Black men and healthcare – a broken relationship

May 3, 2018

By: Abdris Elba, B.S.

Every year my mother texts or calls to check whether I’ve completed my annual physical, dental cleaning and vision test. Going to the dentist and optometrist has always been easy to complete, but going to the doctor for routine check-ups and blood tests hasn’t been. In my case, accessibility to a network of providers is easy because of the health benefits associated with past and current jobs.
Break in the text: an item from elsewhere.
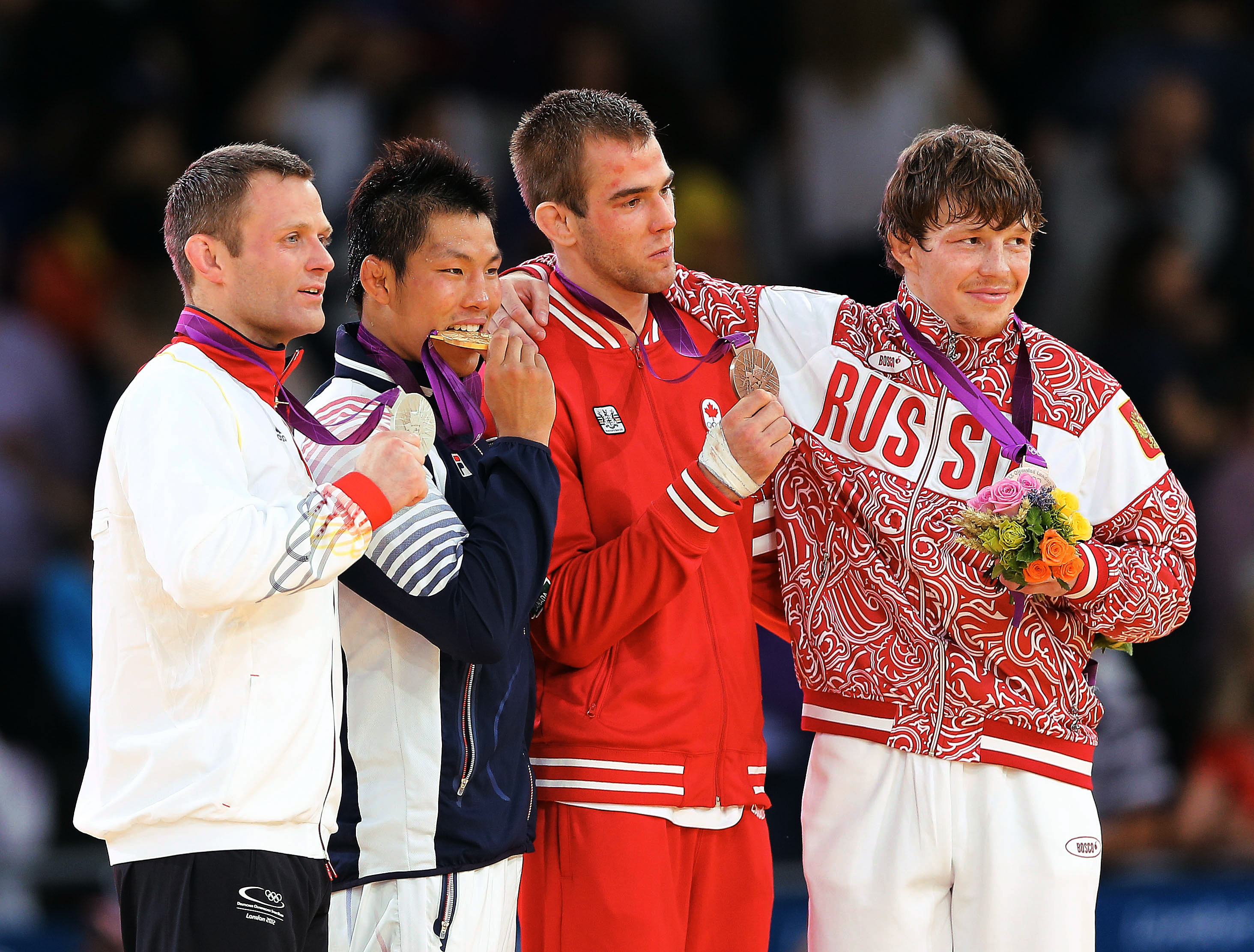 2012 London Olympic Games. Korea Judo, Kim Jae-bum won the gold medal -81kg match

With access to such good healthcare, why am I so reticent to regularly go to the doctor?

Why are black men so hesitant to regularly visit their doctors?
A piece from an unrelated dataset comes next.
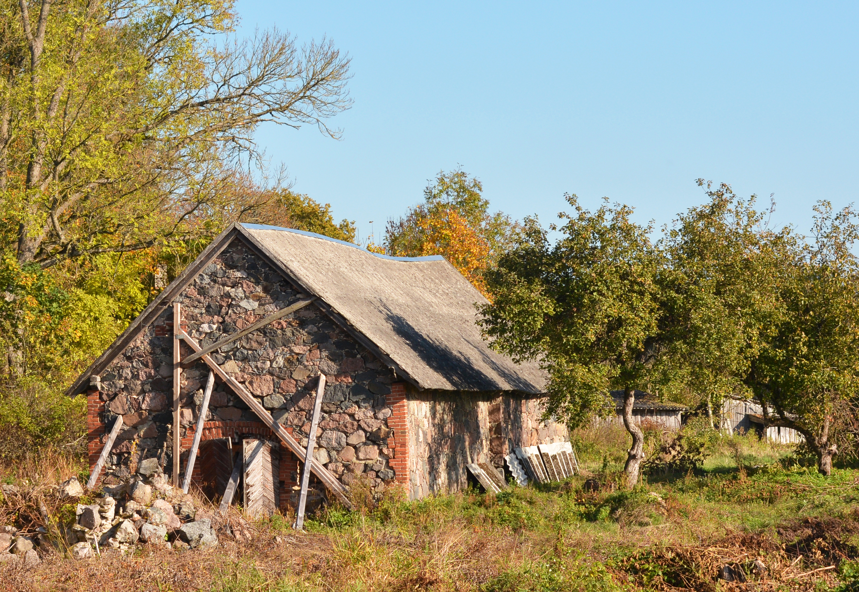 Hõreda manor, distillers warehouse.
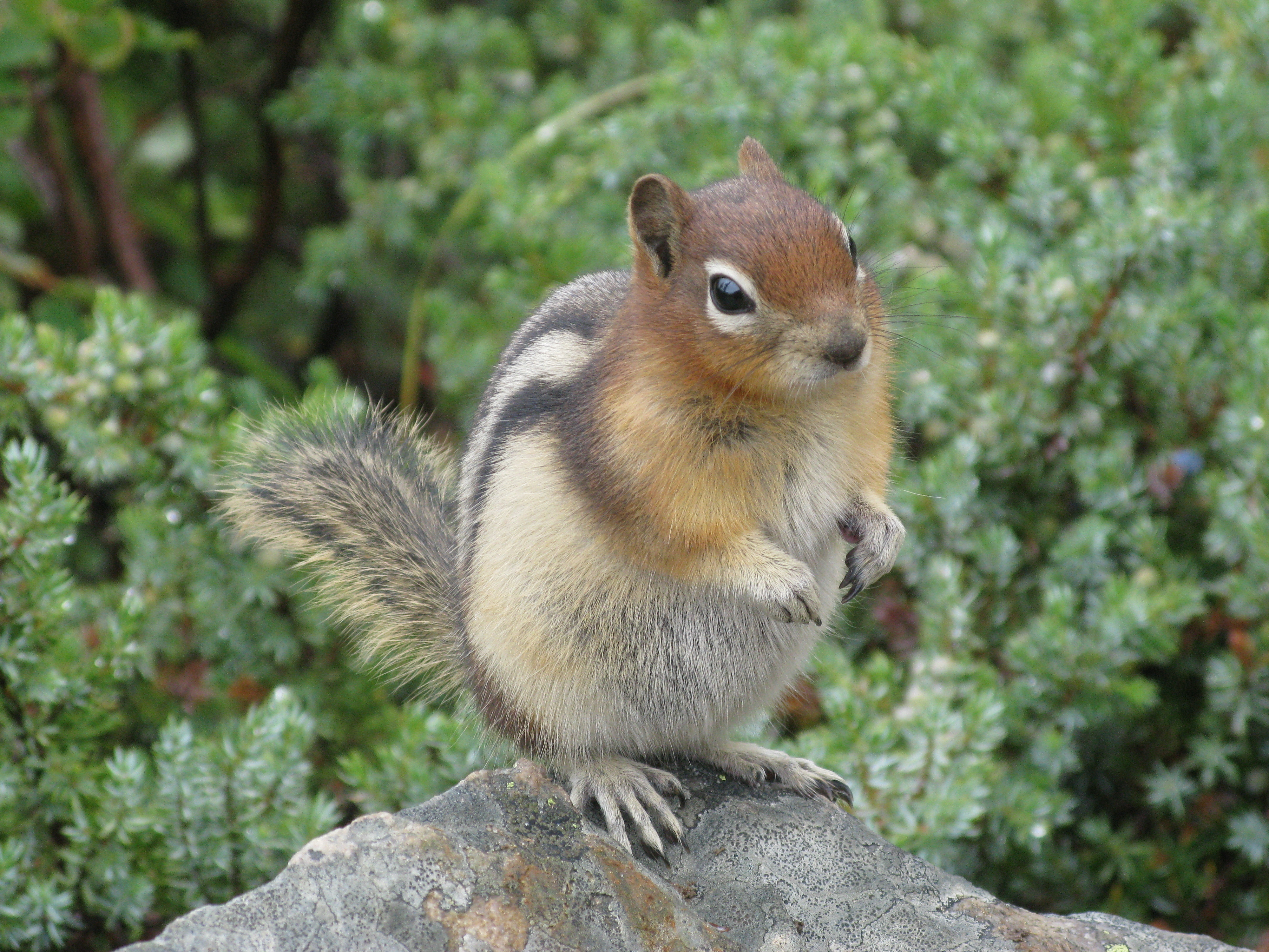 golden-mantled ground squirrel

I’ve asked myself this question a multitude of times. The answer is layered and nuanced.

There’s a naivety that comes with being young, a black man or both. It’s almost a feeling of invincibility – a false sense of healthiness that’s based off an unprofessional self-assessment consisting of an “I’m okay. I feel good.” If there’s no sharp pain or glaring signs of a problem then there’s no need to go to the doctor. “I know my body” is often our sole justification. Obviously, this is a dangerous way of thinking that positions us to be reactive rather than proactive.

With youth and/or being a black man also comes the blissfulness of ignorance. Being unaware of your current state of health is more soothing than finding out something may actually be wrong. Living in the unknown doesn’t force us to face past actions that may have triggered health issues: whether it’s sexual activity, substance abuse, diet, etc. Here is when you realize how much we believe in the age-old axiom, “out of sight, out of mind.”

Black men’s subscriptions to flawed notions of masculinity only compound the issue. Our definitions of what it means to be a “real” man are generally shaped by societal and traditional masculine norms, which condition us to be self-reliant and conceal any sort of weakness. Revealing health issues to our closest friends and families puts us in a vulnerable state that jeopardizes our “manhood.” In a sense, black men feel there’s a stigma and embarrassment associated with sickness when in actuality it’s just being human in its most rudimentary form.

Another layer we must analyze is black men’s mistrust of the healthcare system. The lack of trust is rooted in racial and prejudice undertones. The relationship between patient and physician is just that – a relationship – and the foundation of trust is broken within the black community. One must look at the historical contexts of blacks and the health care system to truly understand.

Historically, black bodies have been the victim of forced medical and surgical experimentations only to have the results used as justification of their oppression and exploitation.

Dr. J. Corey Williams explained, “In the Antebellum period, blacks were forced to participate in dissections and medical examinations. The psychiatric diagnosis of drapetomania, or “runaway slave syndrome,” was created to diagnose and pathologize African slaves who fled their vicious slave owners. To run away from slavery was considered a disease. The treatment was often amputation of extremities.”

He continued, “Later during Reconstruction Era, white American doctors argued that former slaves would not thrive in a free society because their minds could not cope psychologically with freedom. In the Civil Rights era, psychiatrists used the concept of schizophrenia to portray black activists as violent, hostile, and paranoid because they threatened the racist status quo.”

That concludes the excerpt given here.